The economic interest of carriers and purchasers call for one kind of regulation of quality while health concerns of dentists and patients call for a different type. The principles of integrity and competence require that dentists retain full responsibility for defining, monitoring, and enforcing technical dental standards of care. Professionalism can be used to justify the obligation that the profession as a whole engage in cooperative evaluation of the economic and patient satisfaction aspects of care.

H. Organized dentistry and other groups concerned with oral health should actively engage managed care carriers and purchasers to create systems for ensuring appropriate economic and patient satisfaction outcomes and develop or enforce existing regulations to protect the quality of oral health of patients.

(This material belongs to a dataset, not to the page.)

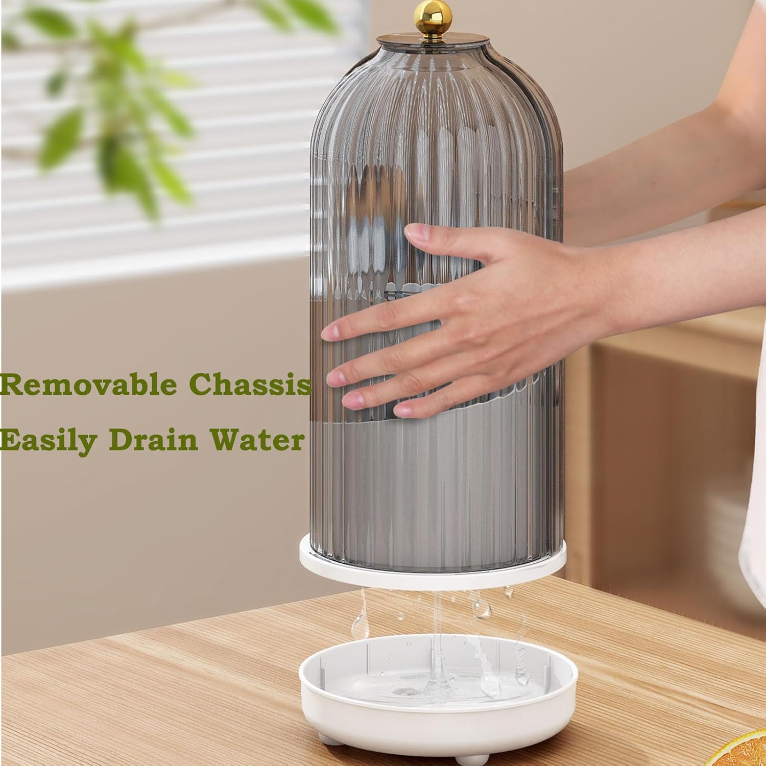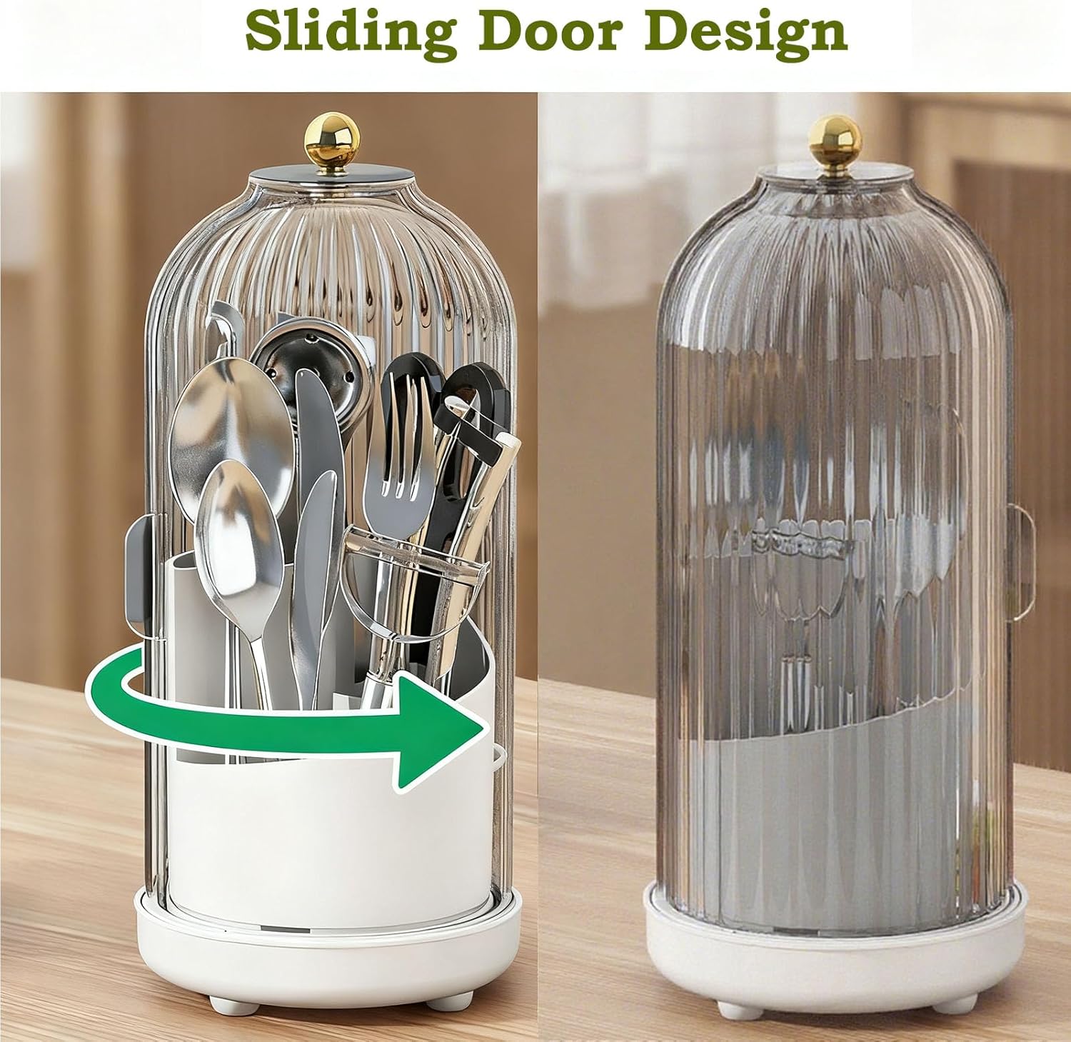 JEESA Utensil Holder with Lid, 360° Rotating Flatware Organizer for Cutlery Spoon Fork(H Less 8"), Silverware Caddy Organizer Drainage Dustproof Flatware Holder Kitchen Countertop Storage, Gray

Managed care is based on a number of assumptions about the relationship between oral health and cost factors that have not so far been supported with adequate data. Specifically, the following hypotheses stand in need of verification (veracity):

  1. The cost of introducing a market intermediary is less than the improvement in overall oral health that such an intermediary introduces.
  1. It is possible to reduce variation around the least expensive acceptable alternative sufficiently to avoid the damage caused by random undercare.
  2. Market-driven reimbursement patterns across the range of service, including diagnosis and prevention, match the optimal allocation of care.
  1. The benefit of aggregate decrease in overall level of excellence of care to acceptable levels will be offset by greater aggregate utilization rates.

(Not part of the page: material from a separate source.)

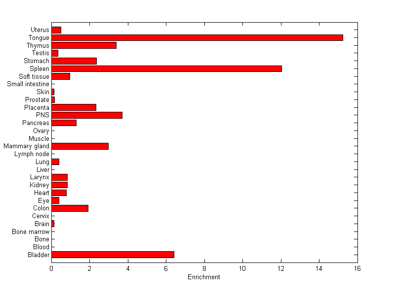 About the profile: The expression level is normalized with tissue-library size. Each value for a gene in a tissue is a ratio of observed ESTs to the expected one in this tissue. The expected number of ESTs is the product of total ESTs of the gene and the fraction of total ESTs in the tissue among all ESTs in 30 tissues. Summary: This gene is preferentially expressed in [spleen, tongue] Download: |

I. The profession should both focus issues critical to the evaluation of managed care and gather, interpret, and disseminate research bearing on these questions.

The emergence of managed care is heightening the importance of several issues already recognized as being especially important to the profession and the patients it serves. There is a history of progress in each of the following areas:

  1. Valid and interpretable information about the outcomes of treatment.
  1. Standards of care that are uniform enough to provide guidance and flexible enough to accommodate patient individuality.
  2. Training of dentists in business and interpersonal skills sufficient to support practices based on quality dental care for patients.
  3. Advocacy for patient oral health at the individual and group levels.
  4. Training of dentists in the ethics of the dental profession.
  1. Forums for the presentation and debate of issues critical to the oral health of America.

J. The profession should refocus on the traditionally important roles of serving dentists through treatment outcomes data, standards of care, business training, advocacy for patient oral health, training in ethics, and forums for policy issues in order to improve oral health of patients.